BANG BANG BANG “It’s okay,” The Patient replied. BANG BANG BANG

BANG BANG BANG “Are you in any physical pain right now?” BANG BANG BANG

BANG BANG BANG He tilted his head, telling me without words that he couldn’t hear what I said. BANG BANG BANG

BANG BANG BANG “Are you in any physical pain?” I asked again, nearly shouting. BANG BANG BANG

BANG BANG BANG “FUCKING BITCH! YOU SAID YOU’D TALK TO ME!” The Big Man shouted. BANG BANG BANG

BANG BANG BANG “My feet,” The Patient answered, raising his voice. “I have blisters.” BANG BANG BANG

He pointed down at his feet. The puffy blisters were evidence of ill-fitting shoes. The Patient reached down, grabbed a sandal, and threw it in the direction of The Big Man. BANG BANG BANG “Stop it, man.” BANG BANG BANG I watched it sail past me and bounce in front of The Big Man’s door.

BANG BANG BANG “Do you want me to get that for you?” I asked, recognizing that the pair of sandals were now separated. BANG BANG BANG

BANG BANG BANG The Patient chuckled. “No,” he answered, a small smile on his face. “I only had one, anyway.” BANG BANG BANG

BANG BANG BANG “Do you want another pair?” BANG BANG BANG

BANG BANG BANG “YOU WANT ME TO STOP DOING THIS? THEN YOU NEED TO FUCKING TALK TO ME, BITCH!” BANG BANG BANG

BANG BANG BANG “No, I’d rather have a pair of socks,” The Patient replied. BANG BANG BANG

BANG BANG BANG “I’ll get you a pair.” BANG BANG BANG

Despite the increasing rate and volume of The Big Man’s fist hitting the door, The Patient and I both ignored him.

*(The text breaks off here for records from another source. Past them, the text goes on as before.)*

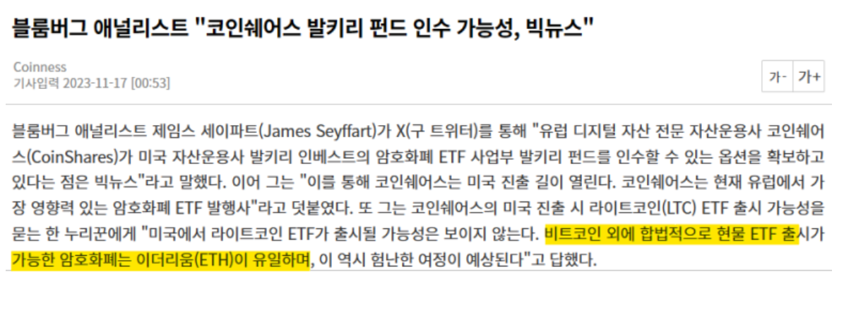 블룸버그발 소식으로 신뢰도가 굉장히 높다. 비트코인 ETF 결과 후 진행될 것으로 예측했지만 블랙록에서는 이미 이더리움 현물 기반 ETF 신청서를 제출했다고 한다.
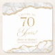 Elegant White Gold Agate 70th Anniversary Party Square Paper Coaster
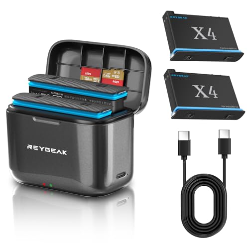 REYGEAK uppladdningsbart litiumbatteri för Insta-360 X4, 2 x 2500 mAh högpresterande batterier med laddare för insta-360 X4 (laddare + 2 batterier
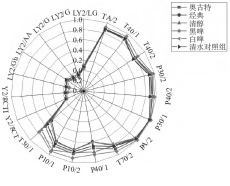 不同啤酒鴨在電子鼻各個(gè)傳感器上的響應(yīng)值如圖1所示,在T30/1、P10/1、P10/2、P40/1和T70/2這五個(gè)探頭上,啤酒鴨的響應(yīng)值存在明顯差異。
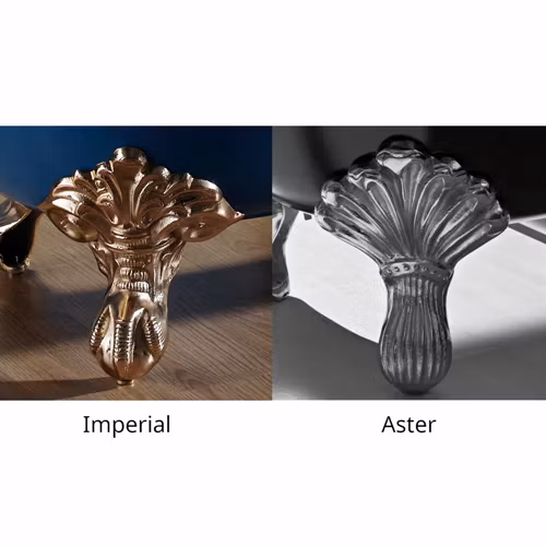Badkaret levereras med fötter eller på träsocklar. Som standard kommer det med imperial-fötter men kan även tilläggsbeställas med Aster-fötter. Fötterna finns i krom, vitemaljerade eller mässingspläterade. De kan även tilläggsbeställas i valfri RAL eller NCS färg (färgkoden måste i så fall framgå vid beställningen). Fötterna kommer med ställbara skruvar så att de kan justeras ca 10 mm. Träsocklarna går att beställa i färgerna lackerad ek eller mörk bok.
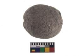 | Description / विवरण | A partially broken specimen of stone sling ball, It is roughly rounded shaped and small in size,with smooth surface. |
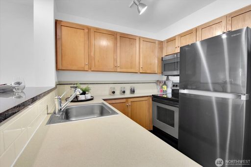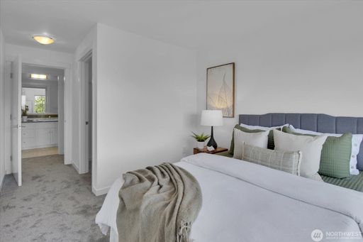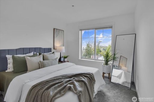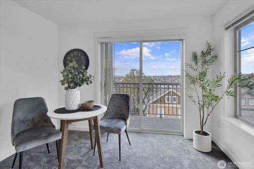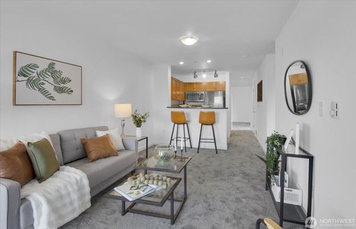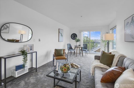 This light-filled condo features 2 spacious bedrooms and 2 full bathrooms, a rare find in the area. Brand new carpet, paint and washer/dryer. Enjoy beautiful mountain, territorial, and Sound views from your private retreat in a well-maintained boutique building.
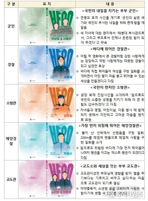 '마이 히어로북'은 △군인 △경찰 △소방관 △해양경찰 △교도관 등 국가와 지역사회를 위해 일하는 제복근무자의 실제 사례를 동화 형식으로 소개한 도서이다. 어린이 눈높이에 맞춰 제작되어, 제복근무자의 역할과 노고를 쉽고 친근하게 이해할 수 있는것이 특징이다.
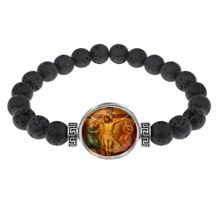 Стрейч-браслет из натуральной лавы диаметром 8 мм с изображением под выпуклой стеклянной линзой (20 мм). Внутренний диаметр составляет ~5,5 см. Изготовлен из лавы, бижутерного сплава с покрытием под серебро и стекла. Натуральный камень лава известен своей способностью впитывать эфирные масла, что делает его идеальным для аромабижутерии. Нанесение нескольких капель эфирного масла на бусины позволяет создавать уникальные ароматические композиции. Такой браслет станет не только стильным аксессуаром, но и источником приятных запахов в течение дня.
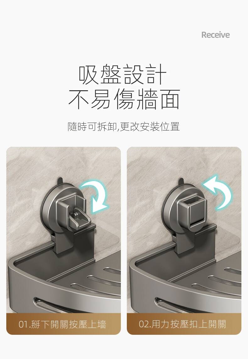 5分鐘前自帶吸盤,可隨時移動重復使用的置物架 免打孔廚房浴室衛生間三角置物架多用途壁掛收納架毛巾架 - 【超夯下殺】買一送二,共三入組 NT$998
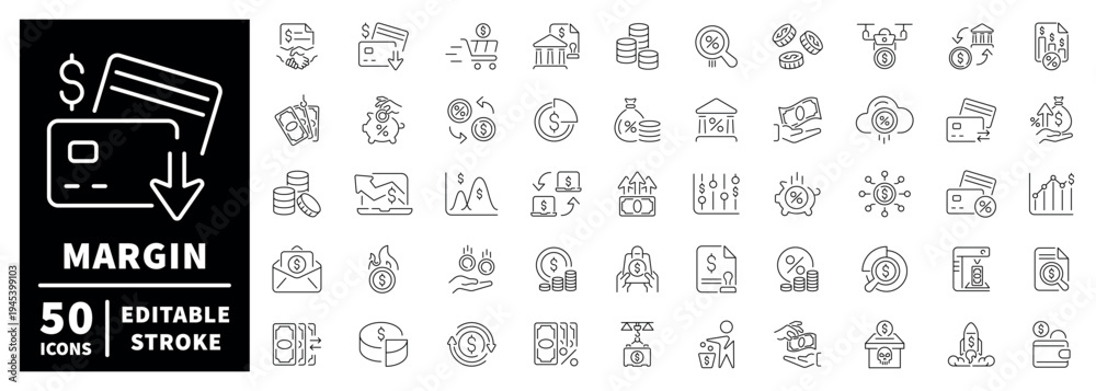 Fototapeta na wymiar - Finance and business outline icon set with editable stroke linear style.
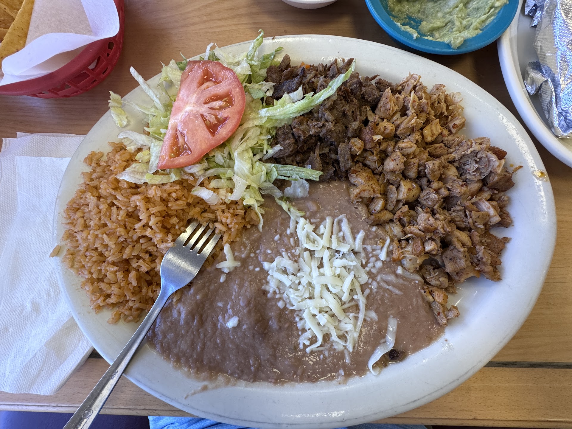 My wife ordered the Carne Asada, (beef tacos) which came with grilled onions, refried beans, Mexican rice, lettuce, tomato and avocado, pepper and fresh tortillas. I ordered the combination plate which came with chicken, beef, refried beans, Mexican rice, lettuce, and tomato and fresh tortillas. There was complimentary fresh tortilla chips and salsa. We ordered guacamole for the chips as well.
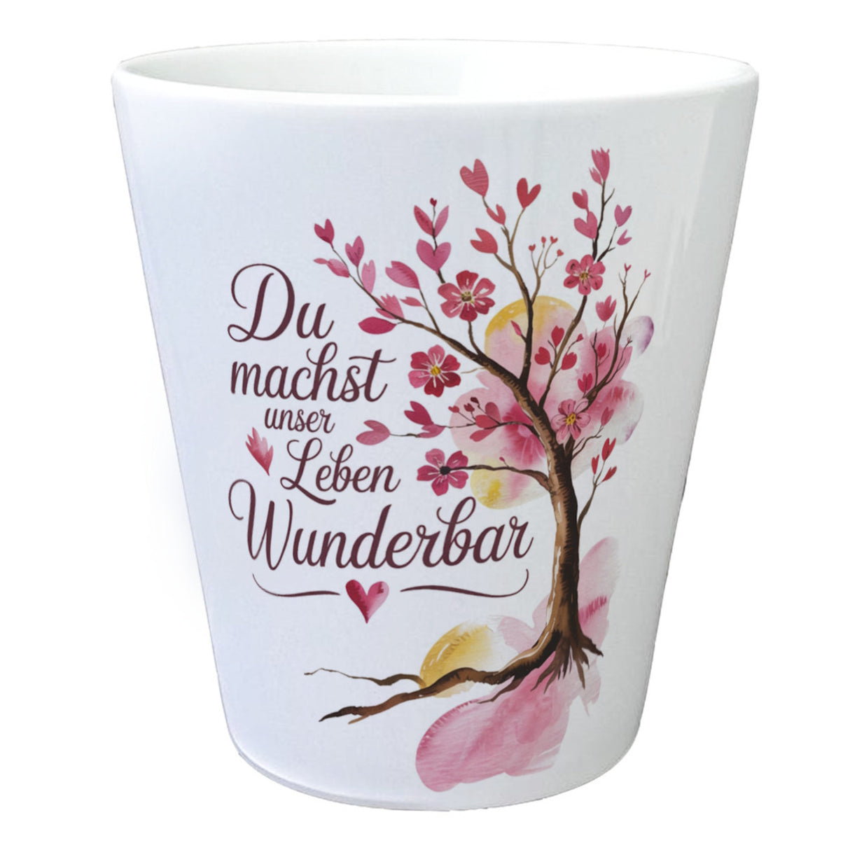- Der Blumentopf zeigt ein charmantes Baum-Motiv mit blühenden Blumen und Herzblättern. Auf weißem Hintergrund steht der Spruch "Du machst unser Leben wunderbar" in eleganter Aquarell-Pastelloptik. Der rosa blühende Baum mit weitausladenden Ästen wird von farbenfrohen Aquarellspritzern umrahmt und verbreitet pure Lebensfreude.
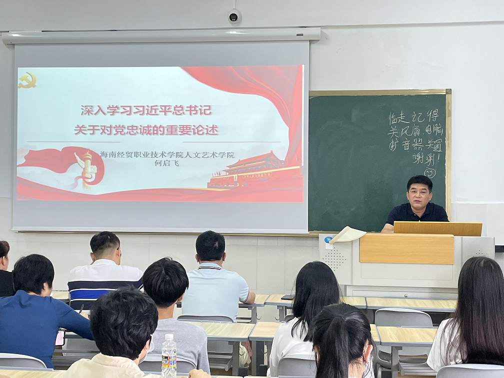 学生程嘉乐分享,对党忠诚就要听党话、跟党走、感党恩。加强政治理论学习,学好专业知识,在自贸港建设和学校建设中切实发挥自身的专业优势,了解海南自贸港相关政策,知道哪些事能做、哪些事不能做,拒绝“套代购”,自觉维护自贸港。
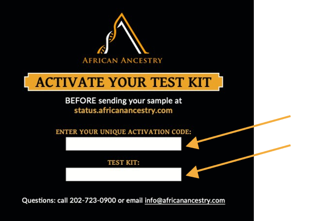 Step 1: Enter the information from the Test Kit Activation Card included in your MatriClan Test or PatriClan Test.
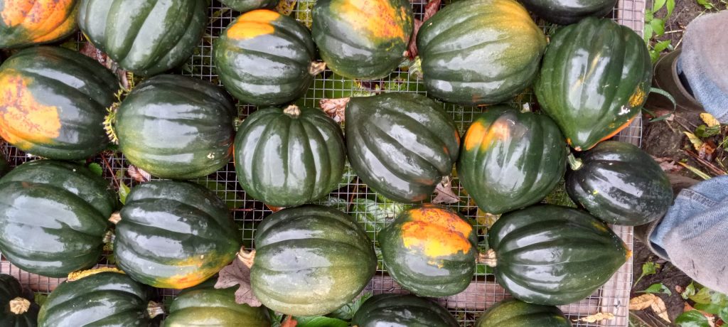 I am reminded of this at this time of year when storage space is at a premium. A lot of the fall crops are crops that we harvest all at once — or I should say would like to harvest all at once but without enough storage space (as well as labor and time) we end up spreading the harvesting over an extended period of time. One of the biggest space hogs are the winter squash and pie pumpkins. We’d prefer to harvest all of these at one time, store them in a dry location, then give them out over the course of many weeks. To accomplish this we use the only large covered space we have available this time of year — the greenhouse. And even it is not enough space to store all the squash and pumpkins.
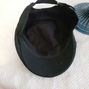 Flat Cap Drivers Newsboy Hat Black Adjustable Wool Blend Very Good Pre-owned
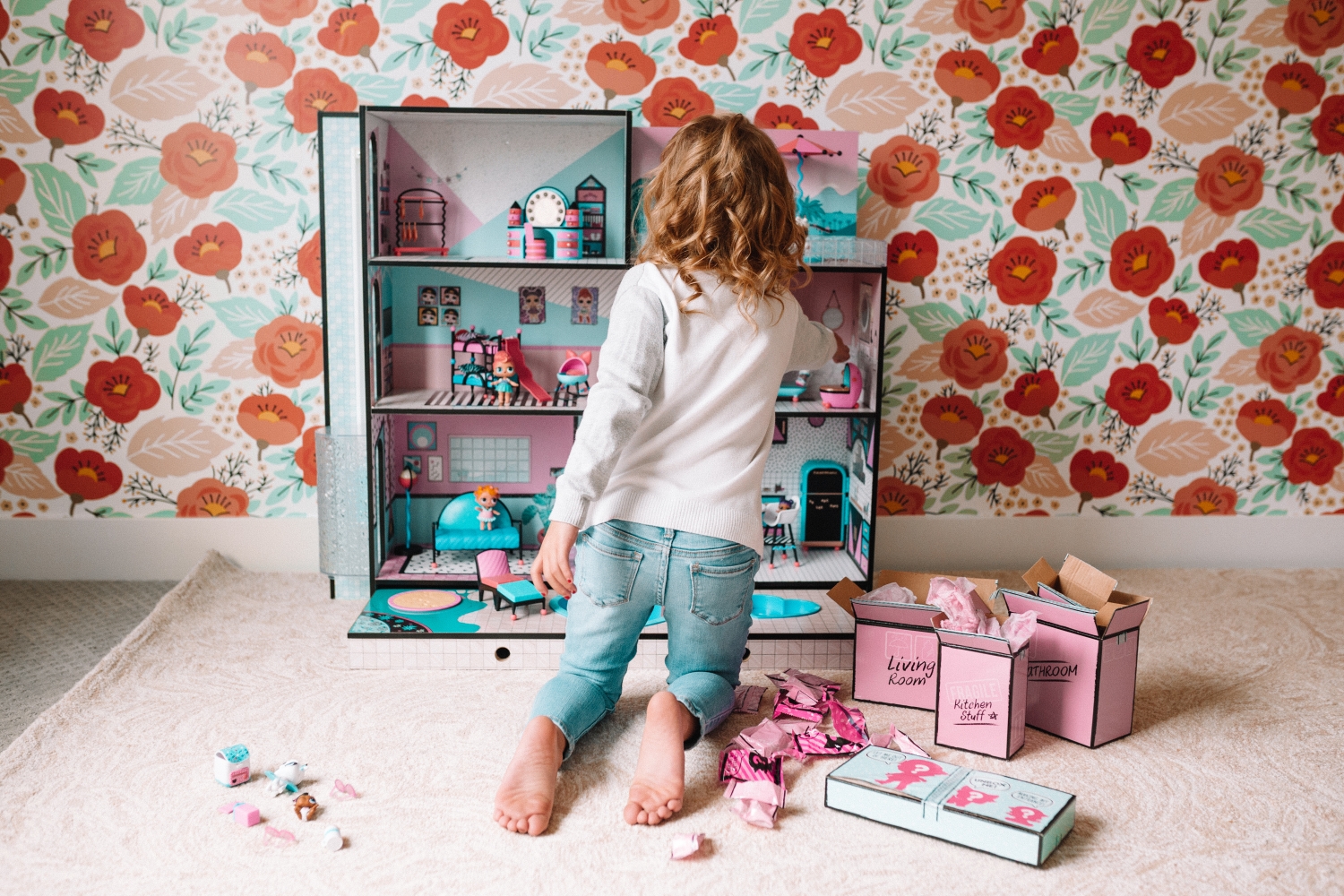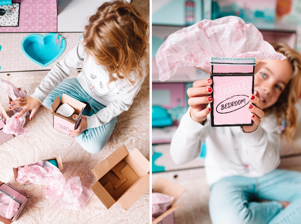 It’s THE cutest little house with 85+ surprises and it took maybe an hour to put together. The furniture and accessories are delivered in an adorable delivery truck that my twin boys quickly confiscated…sorry Sav but good luck getting that one back! Each room has its own box that you can open and unwrap and Savy had so much fun setting everything up and decorating her new house.

It was clear that we had both mastered this skill at some point earlier in our lives. The Patient made it look effortless; his face was calm and his voice was even. Even though he had thrown his shoe, his limbs did not become tense again.

The Patient told me about his health, asked me to call his counselor, and, when I ended our conversation only a few minutes later due to the noise, he thanked me.

BANG BANG BANG “No, thank you,” I said, smiling. “I appreciate your patience. I will try to talk with you again later. Maybe we will have better luck.” BANG BANG BANG

I didn’t look at The Big Man as I turned away. He stopped banging when I had walked a mere ten feet away from them. I then rolled my actual eyeballs. I knew that was when he would stop.


The stress of internship and residency most certainly contributed to my current abilities to stay centered and ostensibly serene in the midst of chaos. We all had to learn how to manage ourselves in the face of death, disease, and distress. Sometimes our efforts were successful; sometimes we felt embarrassed because we believed our efforts failed.

I learned how to show myself more kindness during residency. This wasn’t a conscious choice. Three things happened:

  1. In learning how to provide psychotherapy to others, I learned how to apply these skills to my own life.
  2. I couldn’t contain the sadness and anger that churned within me as I witnessed and listened to tragedies. Sometimes I cried in the bathroom. Most of the time I wept at home.
  3. People—and more often than not, patients—demonstrated grace and kindness during these moments of heartbreak. They often exhibited a capacity to accept their circumstances and show compassion, despite their physical or psychological pain.

I felt my chest fill with grief as I walked away from The Patient and The Big Man.

What happened to The Big Man? When and how did he learn the only way to get his needs met is to destroy silence?

What happened to The Patient? When and how did he learn to show grace and respect in the midst of hateful noise?

I didn’t cry because, this time, I didn’t shove the emotions away.